IN THIS ARTICLE
If 2018 had taught us anything, it’s no place on Earth is free of natural disaster. With the multiple California wildfires throughout the year, surrounding cities experienced heavy air pollution.
The World Health Organization estimates that 4.6 million people die each year from causes directly attributable to air pollution. With that in mind, even being aware of air particulates and toxins wage a difficult battle. Many people often don’t realize that their towns, let alone their own homes, could be filled with tainted air.

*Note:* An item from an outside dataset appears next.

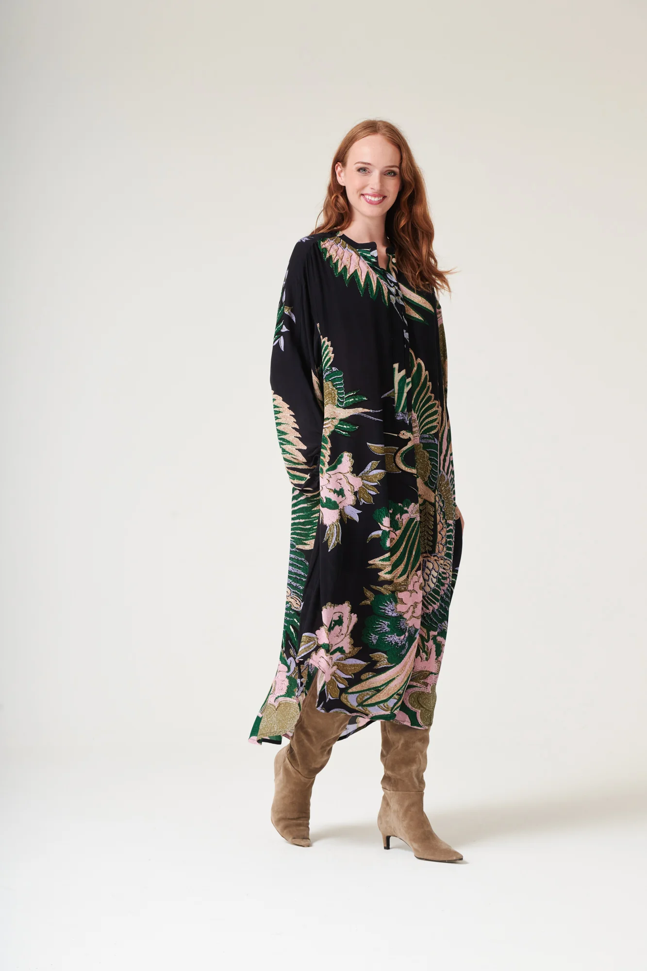 Our crepe Darcy dress features a flattering mandarin collar with a concealed placket front, pockets and loose-fitting balloon sleeves. Our mid-length dress is half lined in organic cotton for ultimate comfort.
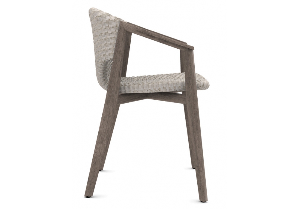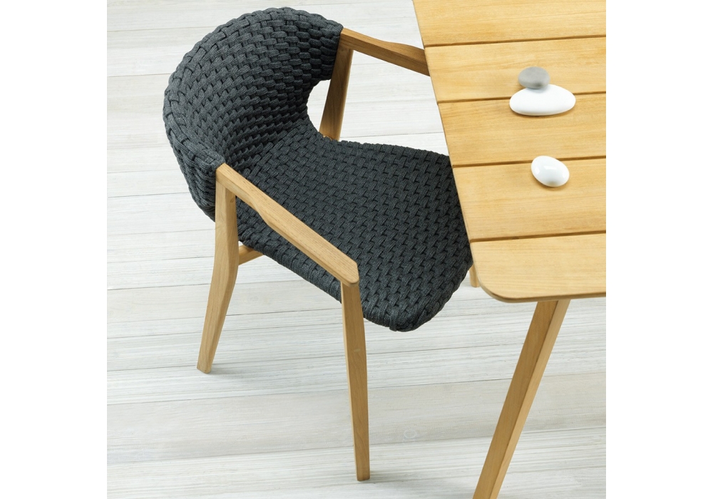 Knit firmata da Patrick Norguet per Ethimo è una poltroncina con struttura in legno di teak in differenti finiture e rivestimento.

However, in this day and age of powerful IoT technologies, any person can combat bad air quality. Sensors and microcontrollers have gotten so cheap, so small, and so simple to implement, that practically anyone can install any type of monitor or sensor in their very own home.
In this tutorial, we’ll show you how easy it is to create an air quality sensor and monitor using a few low-cost electronics and PubNub Functions. The sensor will extract air quality information with multiple sensors, graph that data in realtime, and even set off a speaker alarm if the air quality reaches a harmful critical point.
What You’ll Need
- Arduino Uno
- Breadboard & Wires
- Basic Speaker
- MQ-2 Smoke Detecting Sensor
- MQ-7 Carbon Monoxide Co Gas Sensor
- Air Quality Sensor Hazardous Gas Detection Module
- DHT11 Temperature and Humidity Sensor
Hardware
Arduino Uno
Arduino Uno is one of the cheapest and most popular microcontrollers available today. Since the Uno has an onboard analog-to-digital converter, the analog signals produced from our sensors can be properly read. Other popular microcontrollers do not have this feature, so that’s why we chose the Uno for this project.
BreadBoard
A breadboard is a tool used to prototype and test circuits. Breadboards have two long rails (red rail for power and blue rail for ground) on each of its sides that are each connected vertically down the board. This is where engineers typically plug in a power supply and ground so that the whole rail can be easily used as a power and ground connection. At the center of the board, there are groups of 5-holed horizontal lines. Each of these lines is horizontally connected (5-hole connection) which are used for the circuit itself. You can even connect one grouping to another to make a 10-hole connection and so on and so forth.
Basic Speaker
You know what a speaker is. But here’s some fun cocktail party knowledge: a speaker is essentially a piece of vibrating metal that moves up by a magnet when fed power and falls down when unpowered. When the magnet is turned on and off at a specific frequency, a tone can be played. You won’t need to know much about how to code one of these, but it’s always nice to know!
Sensors
Each of the sensors we’re going to use operate on the same fundamental principle. A specific type of material is placed inside a sensor and an electric current is fed through it. When certain environmental conditions occur that react with the sensor’s specific material, the material’s resistance to the current increases or decreases. Thus the current will be affected and the sensor can then translate that change into proper sensor units.
Wiring
The wiring of each of these sensors follows the same pattern: connect ground pin of the sensor to the ground of the Arduino, connect the power pin of the sensor to the 5.5V pin of the Arduino, and connect the data pin of the sensor to a GPIO pin on the Arduino.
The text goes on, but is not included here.